Electrical neutrality means the total charge in the solution must be zero. For this to happen in our Ringer's solution, the total positive charge from all cations \(\text{Na}^+\), \(\text{K}^+\), and \(\text{Ca}^{2+}\) must equal the total negative charge from the anion \(\text{Cl}^-\). To achieve this balance:

• Calculate the charge contributed by each ion.
  \text{\(\text{Na}^+: 147 \text{ mEq/L}, \text{K}^+: 4 \text{ mEq/L}, \text{Ca}^{2+}: 4 \text{ mEq/L}\)}
• Note that \(\text{Ca}^{2+}\) contributes double the charge compared to a single equivalent, so its total charge is \(4 \text{\times}2=8 \text{ mEq/L}\)
• The total positive charge is obtained by summing these values: \(147 \text{ mEq/L}+ 4 \text{ mEq/L}+ 8 \text{ mEq/L}=159 \text{ mEq/L}\)

Finally, the concentration of \(\text{Cl}^-\) must equal this total positive charge to keep the solution electrically neutral.

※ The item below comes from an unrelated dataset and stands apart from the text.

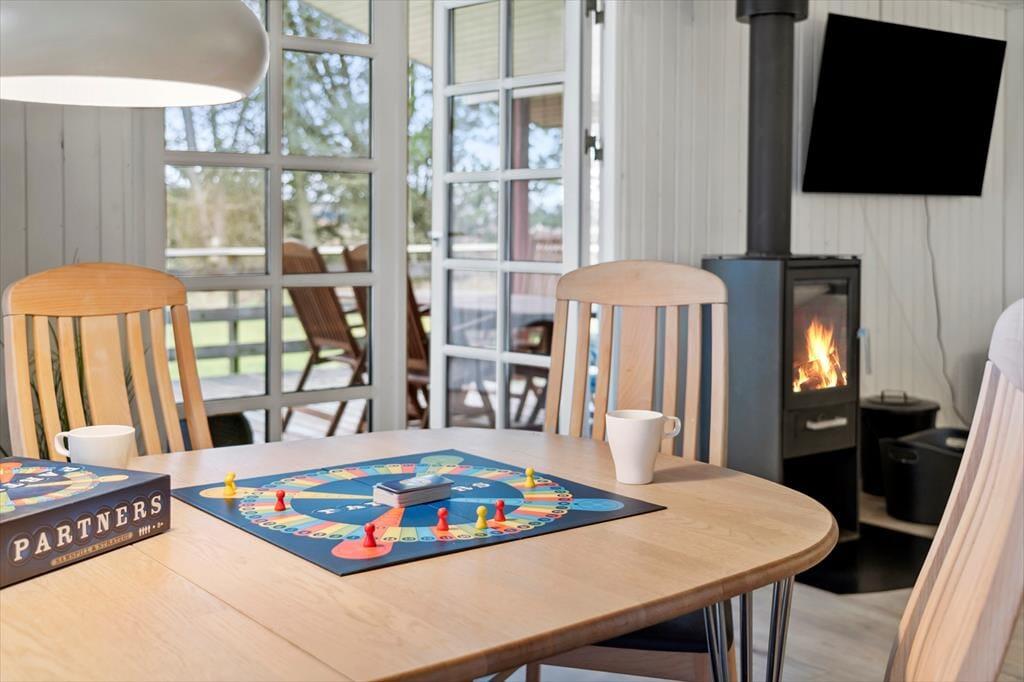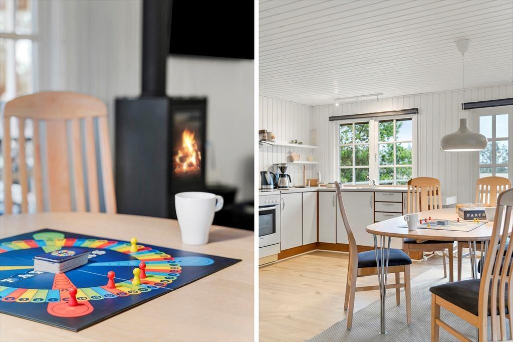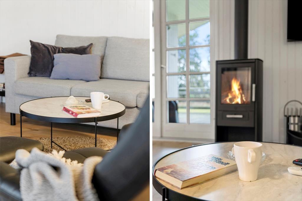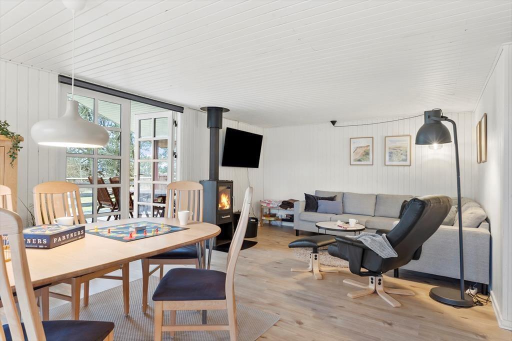 Das Ferienhaus hat eine helle und einladende Atmosphäre und ist so eingerichtet, dass es gut für fünf Personen passt. Die Schlafplätze verteilen sich auf drei schöne Schlafzimmer, und am gleichen Ende des Hauses befindet sich ein schönes Badezimmer mit Dusche. Eine gut funktionierende Küche ist mit dem Wohnzimmer integriert, das auch über einen guten Esstisch verfügt, um sich zu versammeln, sowie über eine gemütliche Sofaecke für entspannte Stunden. Es gibt einen Flachbildfernseher mit Kabel-TV und Chromecast – und wenn ihr nicht viel Unterhaltung braucht, aber einfach etwas Schönes anschauen möchtet, könnt ihr aus dem Fenster auf die weite Landschaft blicken.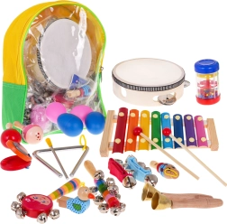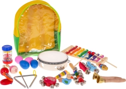Vă prezentăm un set mare de instrumente muzicale din lemn pentru copii de la 2 ani. Acest set colorat și sigur conține 23 de elemente diferite, toate depozitate într-un rucsac practic, ușor de transportat.

Milliequivalent Calculation

A milliequivalent (mEq) is a unit used to express the amount of a substance that will combine with or displace 1 milligram of hydrogen. It is particularly useful in chemistry and medicine for dealing with electrolytes. To calculate milliequivalents:

• Identify the charge of the ion and the amount present in the solution.
• For monovalent ions like \(\text{Na}^+\) and \(\text{K}^+\), their milliequivalent value is simply equal to their molar concentration multiplied by the charge.
• For divalent ions like \(\text{Ca}^{2+}\), multiply their molar concentration by 2 (the charge).

Hence, in our example:
\( \text{mEq/L for Ca^{2+} }= 4 \text{ mEq/L} \text{\times} 2 = 8 \text {mEq/L} \)

Summing up the contributions gives the total positive charge healthily maintained in the solution.